Advisory AI Infrastructure Engineer

Lenovo
Lenovo

Software Engineering, Other Engineering, Data Science

Edinburgh, UK

Posted on Jun 22, 2026

General Information

Req #
WD00100762
Career area:
Hardware Engineering
Country/Region:
United Kingdom
City:
Edinburgh
Date:
Thursday, June 11, 2026
Working time:
Full-time
Additional Locations:
* United Kingdom

Why Work at Lenovo

We are Lenovo. We do what we say. We own what we do. We WOW our customers.
Lenovo is a US$83 billion revenue global technology powerhouse, ranked #196 in the Fortune Global 500, and serving millions of customers every day in 180 markets.

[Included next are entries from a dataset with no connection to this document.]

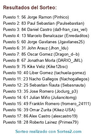 - Puesto 15: 66 Marlon Lopez (Marlinipe95)
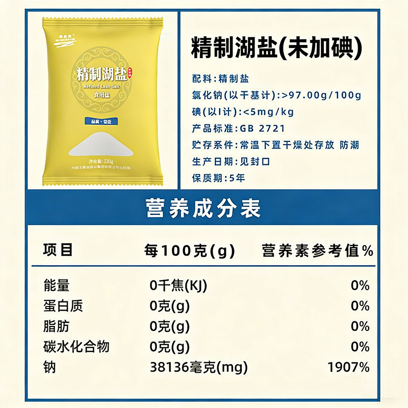 📚 母亲湖草原湖盐320g*5包无碘食用盐低钠家用炒菜调味0添加抗结剂
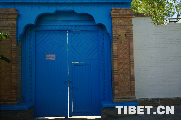 目前,喀贊其仍保留著一定數(shù)量的文物古跡,包括自治區(qū)級(jí)文物保護(hù)單位1個(gè)(陜西回族大寺),市級(jí)文物保護(hù)單位7個(gè),另有12處清真寺建筑。圖為具有當(dāng)?shù)靥厣呐R街藍(lán)色大門。
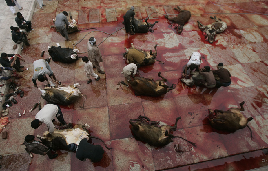 11月28日,世界各国的穆斯林迎来传统节日“宰牲节”。图为巴基斯坦的穆斯林在宰牲节上宰杀牲畜。
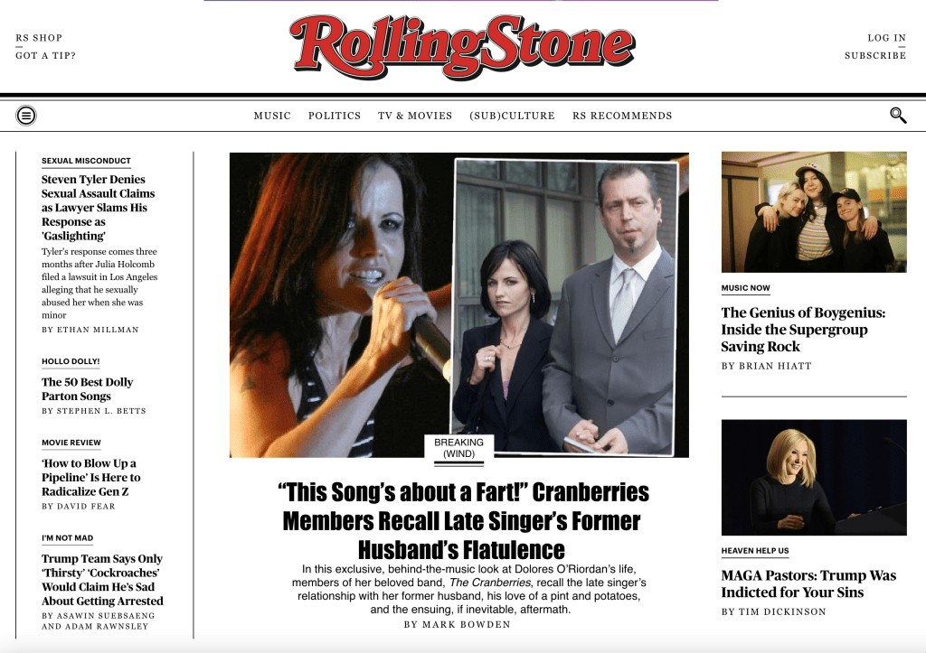 THE CHARMING ISLAND OF IRELAND—Rolling Stone, a prestigious music journalism magazine, today broke a heartwarming, if exceedingly smelly, story titled “‘This song’s about a fart!’ Cranberries members recall late singer’s former husband’s flatulence.” The song in question, “Linger,” and its echoing plea—“Do you have to, do you have to, do you have to let it linger?”—reportedly were written by the Dolores O’Riordan to describe the strained relationship with her former husband, music manager Don Burton. On occasion, O’Riordan would quietly murmur that resounding plea as the couple lie in bed in the early Irish mornings following a night her then-husband had visited the pub, drank heavily into the night while in merriment among mates, and consumed copious servings of potatoes. “It smelled really bad, rank,” lead guitarist Noel Hogan told Rolling Stone journalists how O’Riordan described the situation then. “She told me sometimes he’d let out a squeaker when poor Dorrie was under the covers,” describing a phenomenon known in the Dutch language as an “oven.”
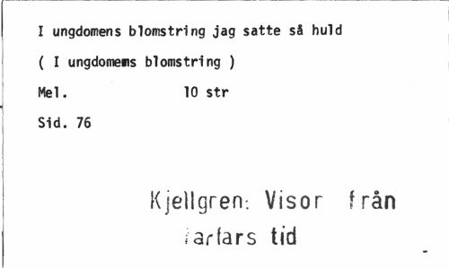 //// I ungdomens blomstring jag satte så huld ( I ungdomens blomstring ) Mel. 10 str //// Sid. 76 //// Kjellgren: Visor från i ar fars tid ////
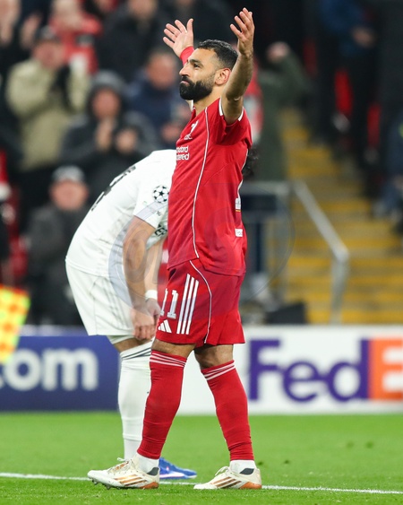 Mohamed Salah of Liverpool celebrates after making it 3-0 during the UEFA Champions League Match Day 8 of 8 match Liverpool vs Qarabag FK at Anfield, Liverpool, United Kingdom on 28 January 2026, Credit:Jorge Horsted/News Images / Avalon
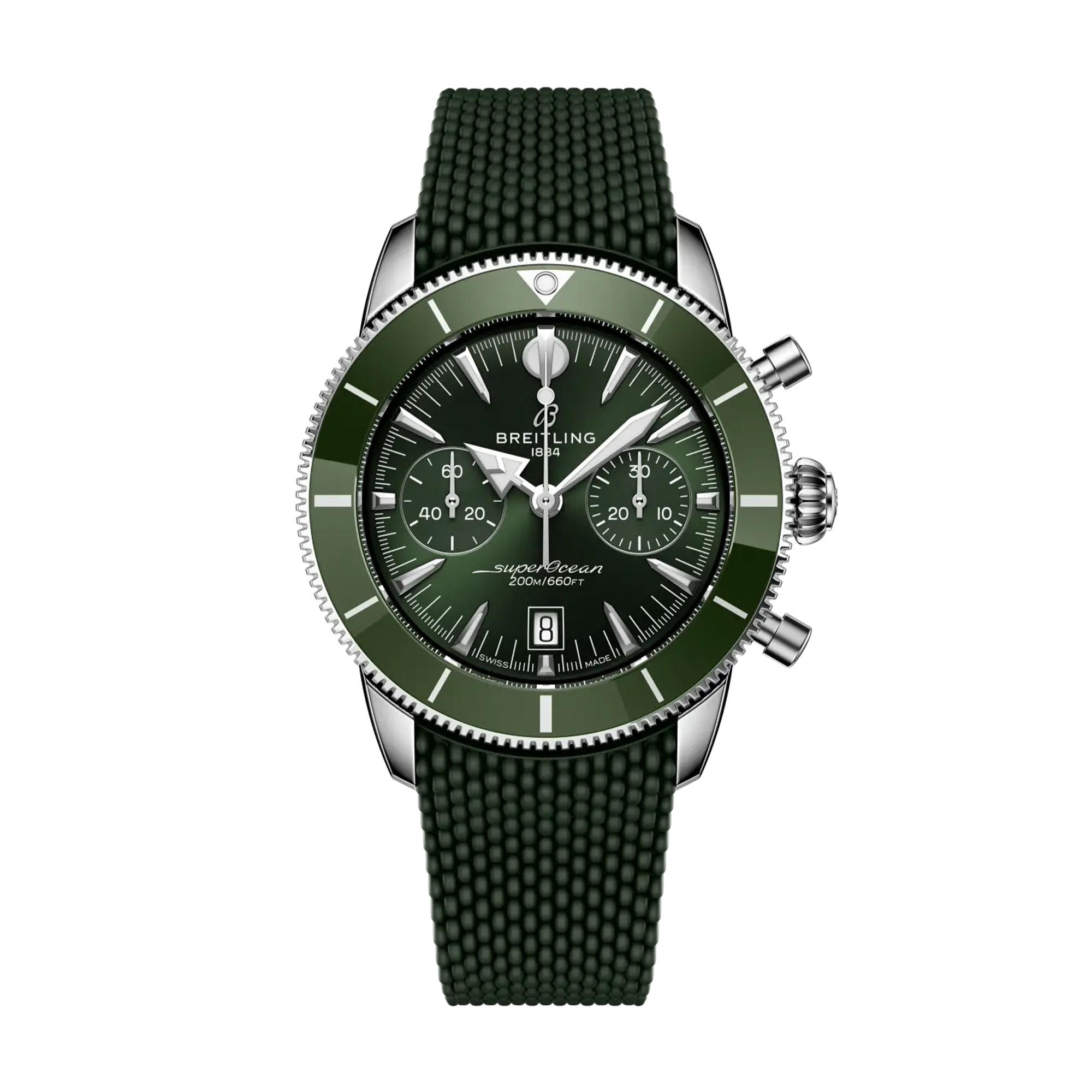 Introducing the Breitling Superocean Heritage B01 Chronograph 42mm Watch AB0156361L1S1, a perfect combination of performance and style. This timepiece features a dependable automatic movement, ensuring precision. The striking green dial adds a fresh touch and is complemented by baton markers for easy readability.

Focused on a bold vision to deliver Smarter Technology for All, Lenovo has built on its success as the world’s largest PC company with a full-stack portfolio of AI-enabled, AI-ready, and AI-optimized devices (PCs, workstations, smartphones, tablets), infrastructure (server, storage, edge, high performance computing and software defined infrastructure), software, solutions, and services. Lenovo’s continued investment in world-changing innovation is building a more equitable, trustworthy, and smarter future for everyone, everywhere. Lenovo is listed on the Hong Kong stock exchange under Lenovo Group Limited (HKSE: 992) (ADR: LNVGY).
This transformation together with Lenovo’s world-changing innovation is building a more inclusive, trustworthy, and smarter future for everyone, everywhere. To find out more visit www.lenovo.com, and read about the latest news via our StoryHub.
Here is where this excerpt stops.